Chiral—pronounced Kai-ral after the Greek letter Chi—is not a word Hideo Kojima made up while developing Death Stranding. Sam Bridges' Chiral Network is complete nonsense, obviously, but chirality is a common property of molecules and even light that occurs naturally and, with a bit of help from us, is helping create the electronics of the future.
Consider the mantis shrimp, if you dare. These predatory crustaceans come in two types: the smashers with a pair of legs adapted as clubs, and the spearers who have evolved barbed tips to their appendages. What they both have in common are incredible eyes, with up to 16 types of photoreceptor cell (humans bumble around in relative darkness with only three) some of which can detect circularly polarised light, which they might possibly use to signal to one another. This circular polarisation means that while the light waves continue to move in a straight line, their electromagnetic fields rotate perpendicularly (at a right angle) to this direction. Photographers will know this from the circular polarising filters that can be screwed onto a camera lens to increase colour saturation and contrast in a scene at the cost of a little brightness.
Think of chirality, therefore, as handedness, or the direction of a helix. It may twist to the left, or to the right. Think of your hands, or look at them if you have them nearby. Put them palm to palm and their shapes match, but put one on top of the other and they're clearly different. Chiral structures are everywhere—in the shells of snails, in the shapes of pasta, in the screws holding your desk together. In the world of molecules, chirality is important: a collection of atoms that twists one way may unblock your stuffy nose, but become methamphetamine if it spirals the other. Please don't write in to tell us that crystal meth also unblocks your nose.
"There's lots of different things that I think are fascinating about chiral materials," says Dr Jessica Wade, a research associate at Imperial College London's chemistry department who studies circular polarisation. "We use them in LED displays, to make the screens of computers and mobile phones. What we're trying to do there is to increase the efficiency of the display and improve battery life, because at the moment if you have an OLED there's an anti-glare filter in front of the pixels, and what this is made of is basically a circularly polarising filter, which is very efficient at cutting glare. But when you've got pixels that are emitting unpolarised light, which is 50 percent left-handed and 50 percent right-handed, you lose half of it in that filter. So we're spending a huge amount of battery power trying to push as many photons as possible through this filter, which could go on other things. If you could make the light intrinsically circularly polarised, then you could really increase the efficiency of the screen and massively improve battery life."

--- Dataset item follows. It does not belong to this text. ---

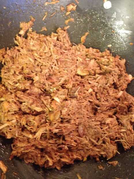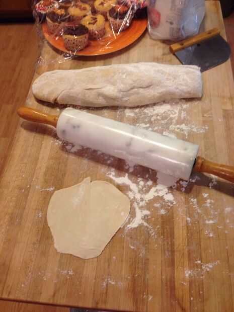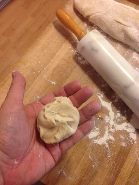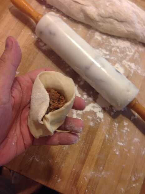 Tomar un trozo y estirar a una ronda de 5 a 6. Hacer un pozo en el centro con los dedos. Añadir una cucharada colmada o dos llenas de la mezcla al pozo.

Power efficiency is a huge deal in computing at the moment, especially as the power-hungry 5G connectivity continues to roll out across the country. Screens are big consumers of energy while on, but on a phone they spend a lot of their time off. On a laptop PC, however, it's likely to be on all the time you're using it, and that can really eat into battery life. Human eyes can't differentiate between left- or right-handed light—we bow to the mantis shrimp here—but it can be detected in other ways, leading to possibilities for future encryption technologies based on polarised light. "If you want to encrypt something, and you make the sequence of light chiral, then you can only really detect it if you know that's what you're looking for," says Wade.
"Almost everything in the human body is chiral," she continues. "Sugars are chiral, DNA is chiral, amino acids are chiral. It's fascinating how often it manifests, but it's hard to explain because we don't see it. Tech is beginning to realise how cool it would be if we could use chiral structures to generate circularly polarised light or even manipulating the quantum properties of electrons."

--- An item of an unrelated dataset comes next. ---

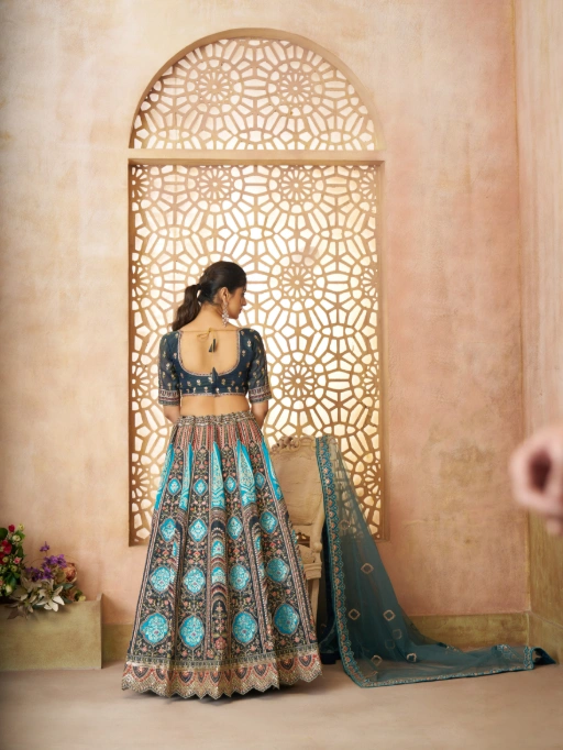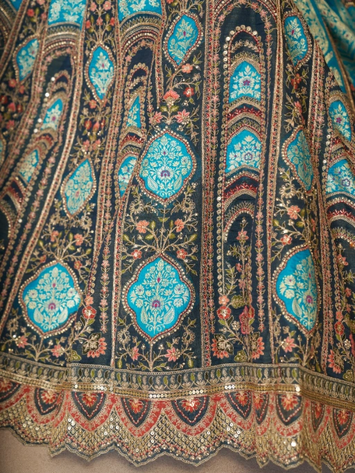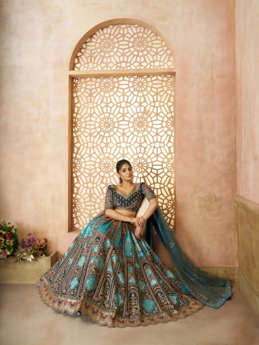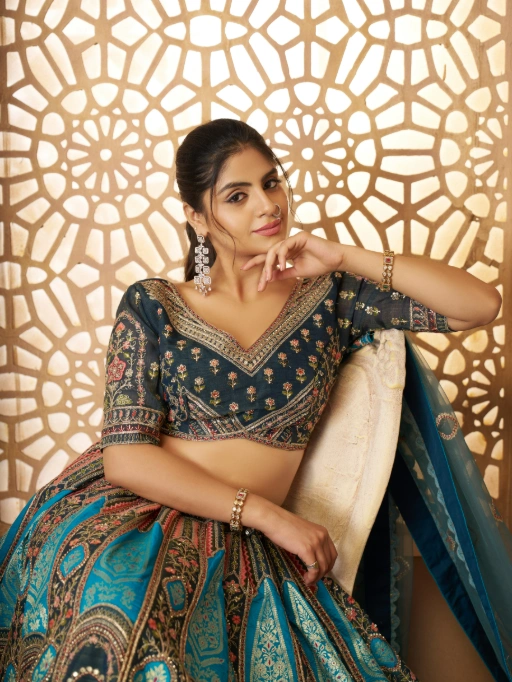 Vardan Ethnic Blue Aari Embroidered Banarasi Wedding Lehenga Choli

We're way beyond high-school physics classes here. Electrons exist as pairs, with different quantum states referred to as 'spin'. It's been shown that, as electrons move through a chiral material, you can filter by spin depending on the handedness of the material.
How does this help? Well, there's a whole branch of electronics known as spintronics, and it affects something close to our hearts: hard drives. The first storage device to use a 'spin valve' to alter the magnetic state of materials at the molecular level with data storage in mind came in 1997, with the massive 16.8GB IBM Deskstar Titan. These days, every spinning hard drive uses the technique to some degree, hugely shrinking the magnetic impulses that can be detected as the read head moves over the surface and therefore increasing the density of data that can be written.
"Chiral materials have all these fascinating properties at room temperature," says Wade. "The way you used to do spintronics was to make things incredibly cold, liquid helium cold, but chiral materials allow you to do this on a small scale without expensive to produce inorganic materials." Wade is a chemist, so uses 'inorganic' to mean materials that aren't carbon-based. She works with carbon in the graphene family, but graphene itself is flat so cannot be chiral, although it is possible to roll it up into chiral nanotubes.
We talk a lot in this column about using new materials to enhance familiar processes, and we're there yet again. Kojima may have hit on a novel idea in Death Stranding, but the science behind it is sound, and it is likely to affect all of our lives in the future, even if it doesn't lead to an internet connection that runs at the speed of light.